GILROY
– Superintendent Edwin Diaz will likely use a first quarter
academic audit of Brownell Academy Middle School to request that
the improving school be removed from state sanctions.
By Lori Stuenkel
GILROY – Superintendent Edwin Diaz will likely use a first quarter academic audit of Brownell Academy Middle School to request that the improving school be removed from state sanctions.
Based on both Brownell’s high performance on the state audit and its overall long-term improvement, Diaz said the accountability measure is flawed and unfair.
“I do agree that as we put together the (corrective action) plan … the process was helpful,” Diaz said. “At the same time, I think that the (accountability) process probably ended up with a school that it wasn’t intended to end up with.”
Brownell, which received an Academic Performance Index score of 685 from the state this fall, was placed under sanctions last year after failing to improve standardized test scores two years in a row. As a participant in a state program that intervenes in low-performing schools, it must undergo intervention and monitoring until it improves its API for two consecutive years.
This is the first review of the school since it received a list of 73 corrective actions to complete this year, based on an evaluation conducted in April.
Diaz said he will likely petition the state to grant the school an early release from the intervention program after the 2003 similar schools ranking is released in February. There is already some discussion at the state level about changing the accountability program, he said.
“I figure that, while they’re having these discussions and they’re debating the future of this process, that I’ll throw in my two cents,” Diaz said.
Wendy Harris, assistant superintendent in the California Department of Education, said there is little chance for schools to exit sanctions ahead of schedule.
“The criterion for succeeding is, in the end, growth in the API. The way that the school exits the accountability program is by making significant growth in its schoolwide API for two consecutive years,” Harris said. “That’s what the statute says, that’s what people signed up for …”

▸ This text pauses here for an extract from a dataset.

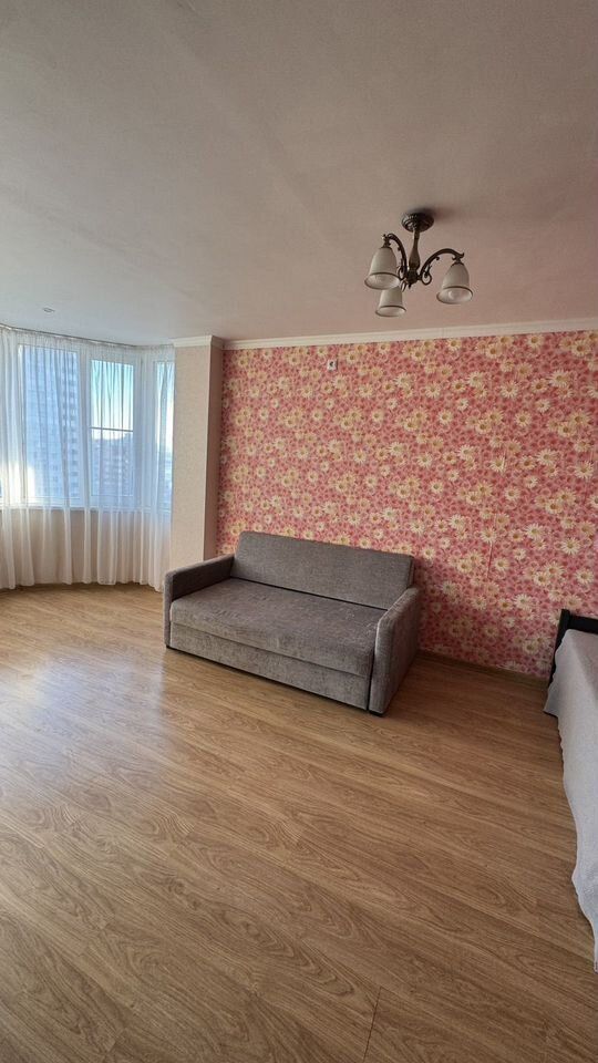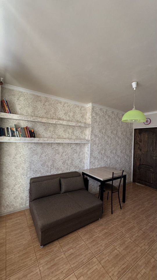 Кухня гостиная с выходом на лоджию. Санузел в плитке. Ремонт новый. Мебель остаётся.

Looking at student performance over time, which Diaz says is a more accurate way to measure school performance, Brownell has exceeded overall improvement requirements set by the state for the four years that schools have received an API.
Brownell is 15 points away from qualifying to apply for the prestigious Distinguished Schools award. Based on this year’s 43-point API improvement – which was achieved before the state intervention process began – Brownell could easily gain 15 points next year. Students take standardized tests in the spring that are used to calculate API growth in October.
Also, when Brownell’s student performance is compared to similar schools, it ranks in the 70th percentile.
Diaz would like to see the state monitor performance over a longer period of time.
“Just the nature of improving student performance and the nature of how student performance occurs, you’re going to get some spikes and you’re going to get some valleys,” Diaz said. “It’s hard for us to draw conclusions from any type of trend without three years of data.”
Since many of the corrective actions reflect what is already being implemented districtwide, the sanctions are twice as unnecessary, Diaz said.
“Unfortunately, these types of processes create such enormous stress, and in this case, I think it’s undue stress, on the staff and on the administration and on the whole system,” Diaz said. “I think, as a district, we create enough stress for our teachers and our administrators … in improving student performance.”
Based on the school audit, Brownell has made significant progress on 70 percent of the 73 corrective actions the team recommended in June.
“I see this report as an extremely positive report,” Diaz said. “The only way that Brownell was able to achieve that level of success was by doing a lot of work this summer, as far as pre-planning, and just really, really hitting the road once the school year began.”
Two representatives from WestEd, the state-approved educational research firm hired by the district to carry out the intervention, spent two days auditing the school’s progress in early October. They visited classrooms and interviewed school administrators, department chairs and members of the school’s leadership team, including Diaz and Director of Assessment Esther Corral-Carlson.
The school was evaluated by the audit team in four general areas:
– district and school leadership
– curriculum, instruction and professional development
– classroom and school assessment
– communication.
Each action received a rating on a scale of 1, “little progress,” to 4, “benchmark achieved.”
There are no yearly requirements for obtaining a particular score on a certain number of corrective actions.
“They are designed to be the kinds of things that move the school forward the quickest in meeting its growth targets,” Harris said.
Only 3 percent of actions received the lowest rating, 28 percent were rated as showing “marginal progress,” 46 percent had “significant progress” and 23 percent of corrective actions were completed.
“We believe that we were on the right track, and that this will hopefully help us to just take the next steps,” Principal Suzanne Damm said.
The next step will be revising the school’s process of monitoring the implementation of programs and strategies. Nearly all 2s Brownell received were related to its monitoring procedures.
“We put together what we thought was going to be adequate, and when they came in, they just felt it was not going to give enough information on what they were looking for,” Damm said.
The next corrective actions audit will be conducted in late January.